Thursday, July 23, 2009

Speedlink: Engine Yard SHA-1 Contest Winner Writeup

Another blog from the Engine Yard's winning team: Paul Wins an iPhone.

This fills in some of the details left out in the more prominent post, such as the hand-optimized C code for getting 10x improvement on the SHA-1 for ordinary CPUs (not the GPU).

Tuesday, July 21, 2009

A Crack at Cracking the EngineYard's SHA-1 Challenge

That was fun. This is a brief report on my strategy for the just-concluded Engine Yard programming contest.
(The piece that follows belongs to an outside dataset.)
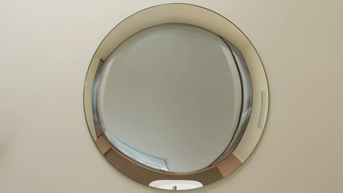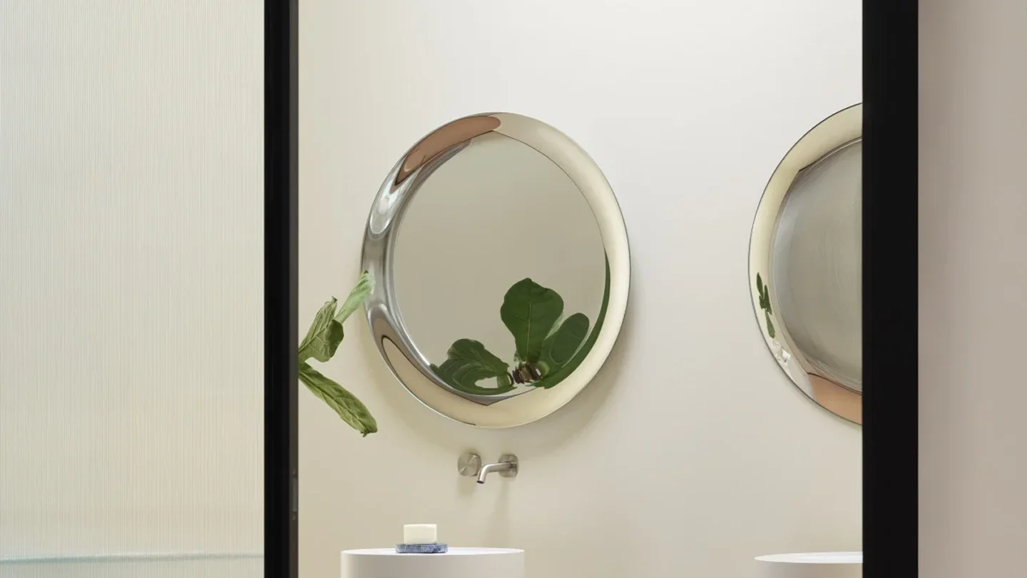 Mirrors made from a single sheet of bronze or extra-clear glass, which, thanks to innovative and complex processing techniques, is curved around its entire perimeter and manually silvered to perfection. Depending on the silver face, a mirror with a concave or convex surface is obtained, with a frame reflecting the images and distorting them at random, while the area in the center, perfectly flat, guarantees a true reflection and functional use. Available in two sizes, the rectangular shape can be hung in either direction. The back side of the concave version is available in the colours silver or orange Pantone 163C.
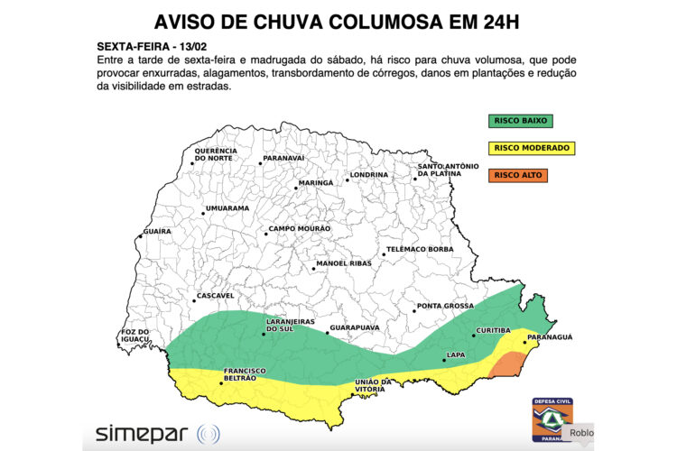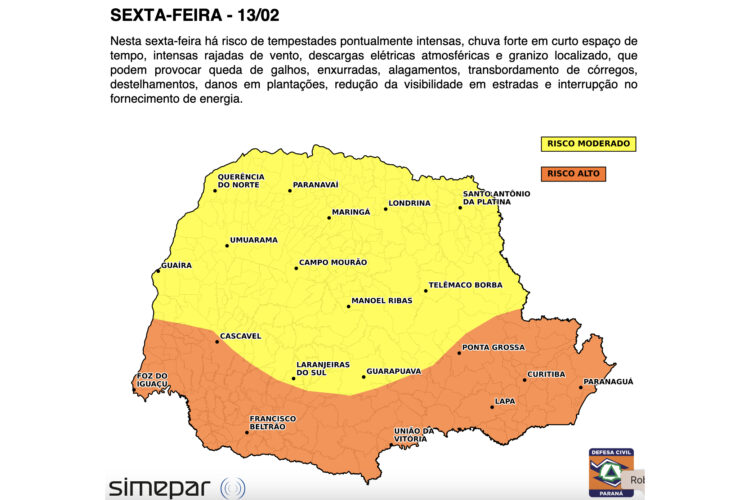 AVISO METEOROLÓGICO – O Boletim de Gestão de Riscos , elaborado pela equipe do Simepar em parceria com a Coordenadoria Estadual de Defesa Civil, aponta nesta sexta-feira (13) risco alto no Leste, Sul e Sudoeste do Paraná, e moderado em todo o resto do Estado, para tempestades pontualmente intensas, chuva forte em curto espaço de tempo, intensas rajadas de vento, descargas elétricas atmosféricas e granizo localizado, que podem provocar queda de galhos, enxurradas, alagamentos, transbordamento de córregos, destelhamentos, danos em plantações, redução da visibilidade em estradas.

My farm of thirty-something CPU cores, with Polar SSL's SHA-1 hash code and my wrappings managed to come in about #57 with a Hamming distance of 36 for key dijkstra parameters format i10n expo dedicated crispin programming output inspect beta.

I wasn't originally going to enter, but after reading some of the blogs and forum discussions, my interest was piqued and I started thinking about the problem.

I began to get pulled in by counting up the order of magnitude for the search space, and the claim of someone in a discussion forum that he could "solve" the contest in about 5 minutes with about 30,000 nodes. My estimate was that the search space was about 10^63, large enough to make a lot of decisions pretty clear.

Also, I had higher priority activities (work, family, intermittent power outages that were traced back to a tree rubbing away the insulation on one wire of our service line and neutral), so I didn't start coding for the contest until it was already underway, which of course is a bit self-defeating, but I'm happy with where I ended up.

Hardware: I have a collection of nodes at work that are typically unused, most of them of relatively recent vintage meaning somewhere around 3GHz. Mac, Linux, and Windows are all represented, most of them dual core with a couple of 4- or 8-core machines, all of them AMD 64 chips. At the peak I had 37 cores running.

Software: Prototyped in Mathematica, then recoded in C. Polar SSL's SHA1, perfectly acceptable Hamming distance function based on a bytewise bit counting lookup table, and a simple enumeration technique for generating candidate phrases that ignores the capitalization and random character suffix parts of the search space.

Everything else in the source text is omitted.